О женщинах: «Грядет матриархат. Женщины управляют не только семьей, но и государством (Тэтчер, Ганди). Лицо общества определяет женщина; если у нее жизнь благоустроена, значит, общество здоровое, и наоборот. Поэтому о женщине писать необходимо».
- Наверное, хватит... А то я получаюсь оракулом ходячих истин. Но это действительно то, во что я верю.
- Я знаю и могла бы продолжать... Ну, а теперь о «корнях». Ведь ты вырос в донской станице среди казаков и «формировался» в Ростове-на-Дону?

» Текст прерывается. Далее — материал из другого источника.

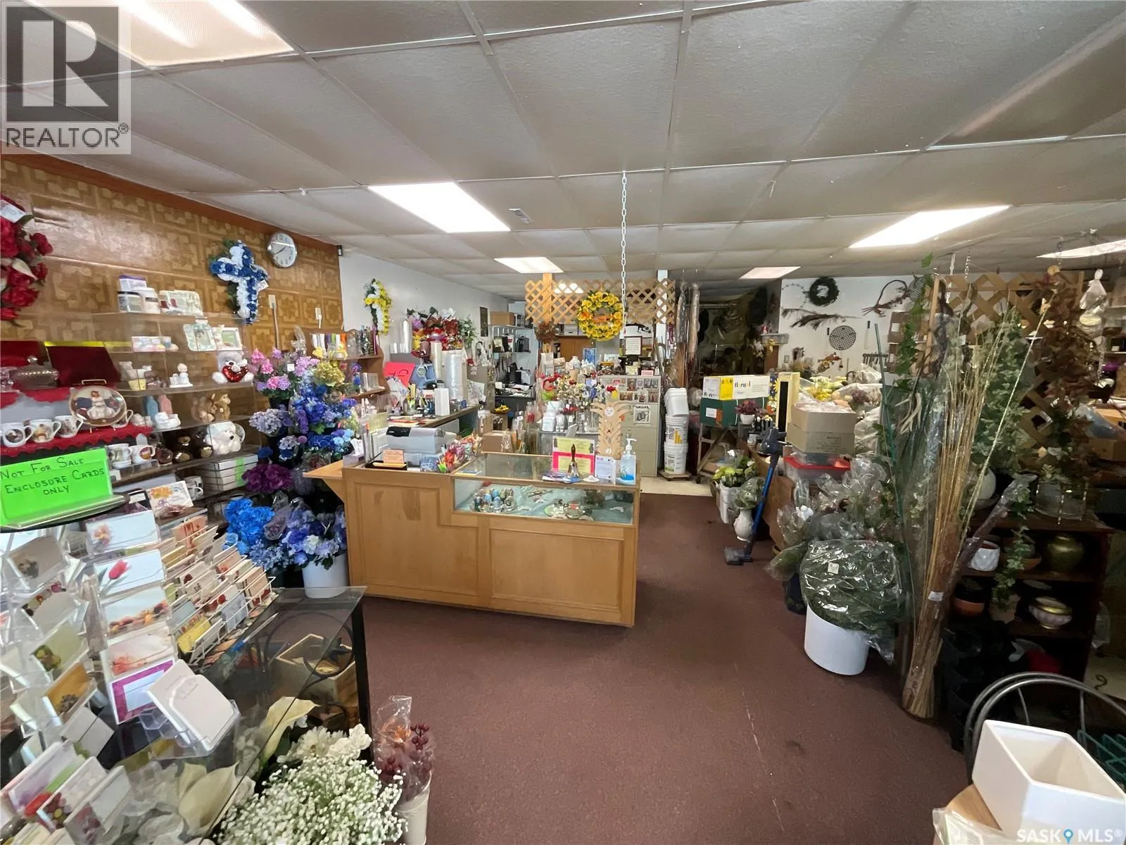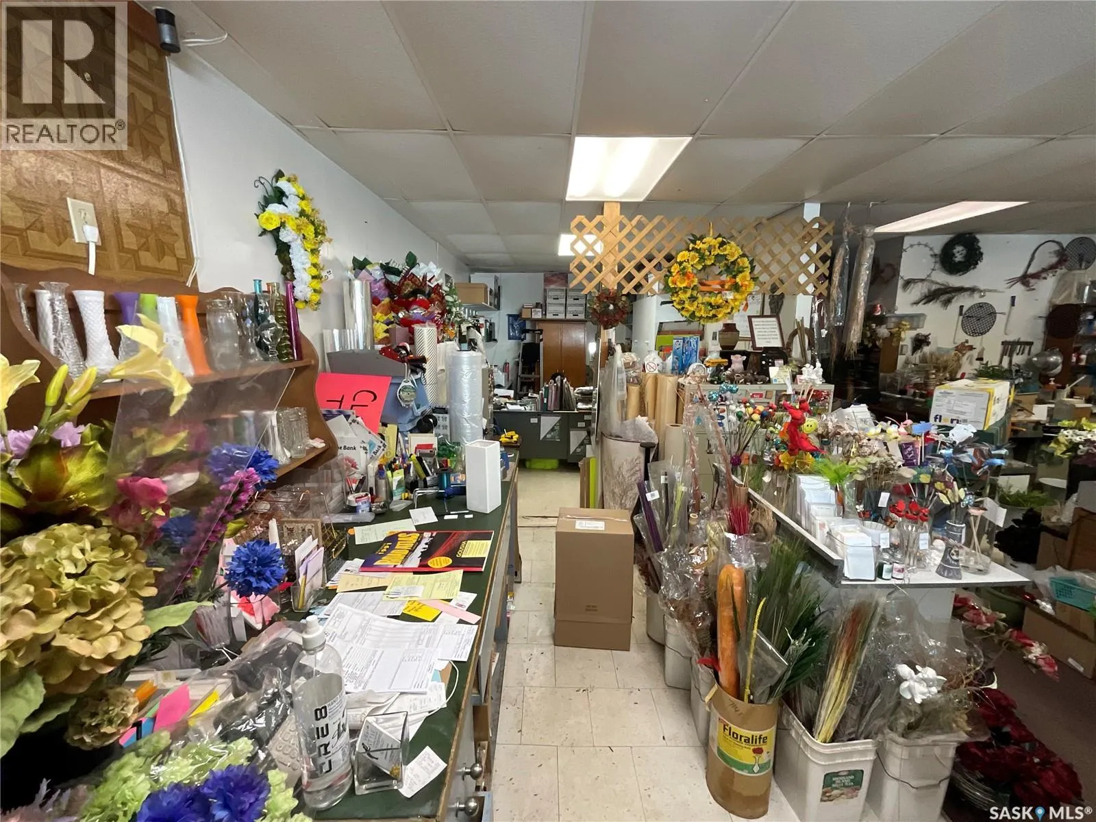 Welcome to a well established property on the corner of First Street and First Avenue. With over 2000 square feet of building there is plenty of room to start your business and space south of the building for expansion! Built on slab, this property has everything on the main floor including a office space, 2 piece bathroom, lots of storage, a large man door on the back side of the building for easy deliveries, and the mechanical/electrical room. Tin roof. Lots of space behind the building for parking but customers usually park on the street. This property is currently listed as building and lot only but can be sold as a flower shop business and the price would be reflected on the previous 3 years sales and current inventory. For more information please contact your agent. (id:27476)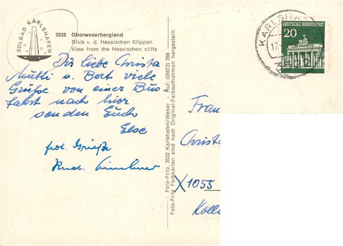 73945930 alte Postkarte Bad Karlshafen Panorama Blick von den Hessischen Klippen postalisch gelaufen Erhaltung siehe scans [FriedD77] KatCode: 11110006633002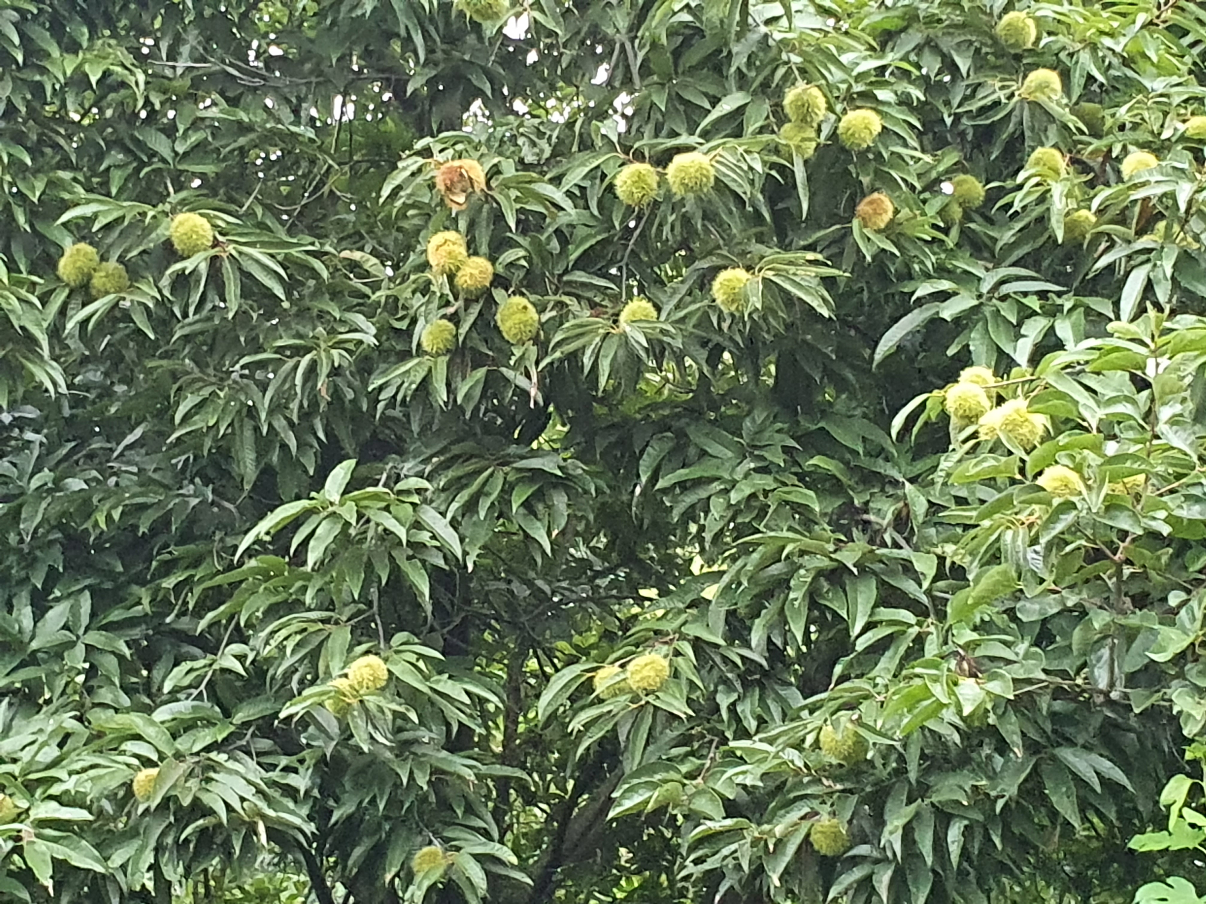 밭 끝자락에 서 있는 밤나무 익어서 알밤이 떨어지고 있다.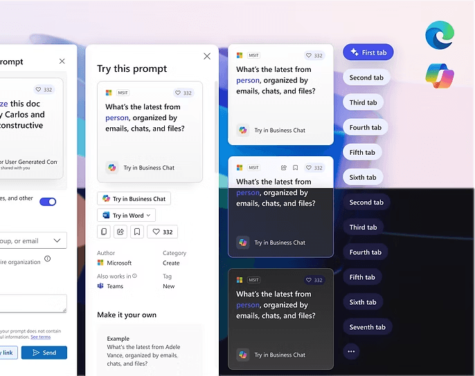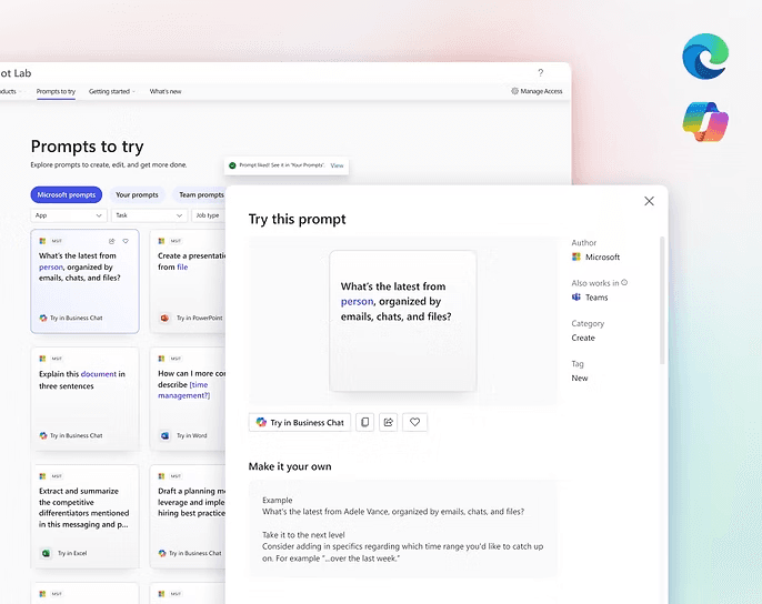 Refinement of the Copilot Prompt Gallery UX, enhancing filtering, detail pages/dialogs, and streamlining share/save flows for improved user experience.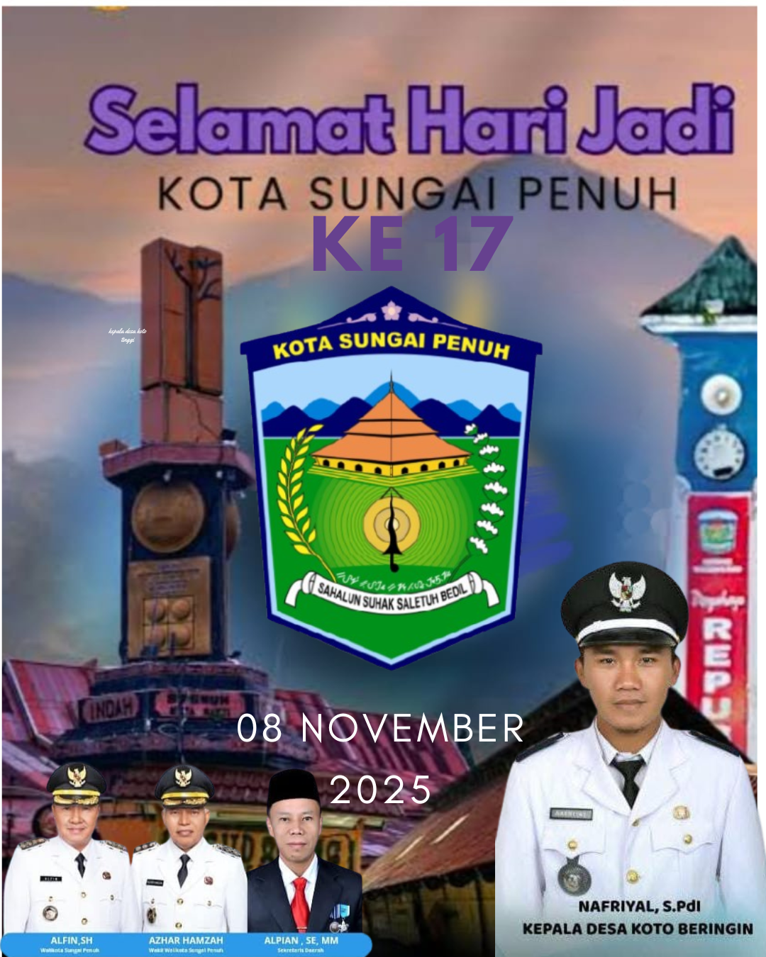 Sungai Penuh, 8 November 2025 – Dalam rangka memperingati Hari Jadi ke-17 Kota Sungai Penuh, Kepala Desa Koto Beringin, Nafriyal, S.Pd.I, menyampaikan ucapan selamat dan apresiasi kepada seluruh masyarakat Kota Sungai Penuh atas semangat kebersamaan dan kemajuan yang telah diraih selama 17 tahun perjalanan kota ini.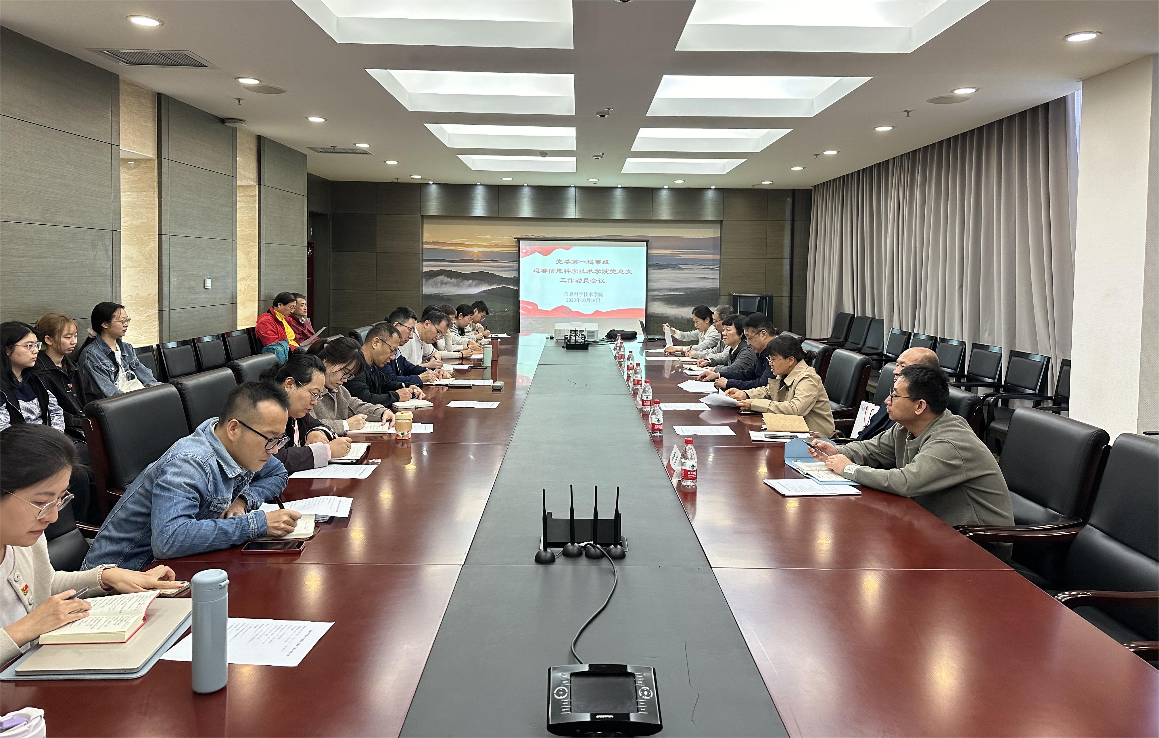 2023年10月18日上午,根据学校党委关于巡察工作统一部署,党委第一巡察组巡察澳门网投官方网站党总支工作动员会在澳门网投官方网站召开。学校党委副书记、纪委书记胡志钢,第一巡察组组长张荟霖、副组长潘华珍,第一巡察组成员高雁鸣、潘亮、相忠群,党委巡察办副主任杨光,信科学院领导班子成员、全体教师和学生党员代表参加会议。会议由信科学院院长蔡连侨主持。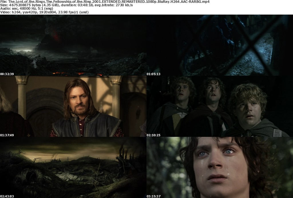 Release Name: The.Lord.Of.The.Rings.The.Fellowship.Of.The.Ring.2001.EXTENDED.REMASTERED.1080p.BluRay.H264.AAC-RBG

- В Ростове-на-Дону я всего-навсего работал три года. Я сельский человек. Родился в Ростовской области, жил в Ставрополье, Кубанском крае, на Украине.
- Есть некоторый уклон в сторону панрусизма в иных литераторах, пришедших из деревни. Я не говорю, конечно, обо всех, но твой феномен для меня удивителен: в твоих деревенских фильмах я вижу настоящую интеллигентность. Понимаю, что это качество присуще человеку от природы и не зависит от его происхождения или образования.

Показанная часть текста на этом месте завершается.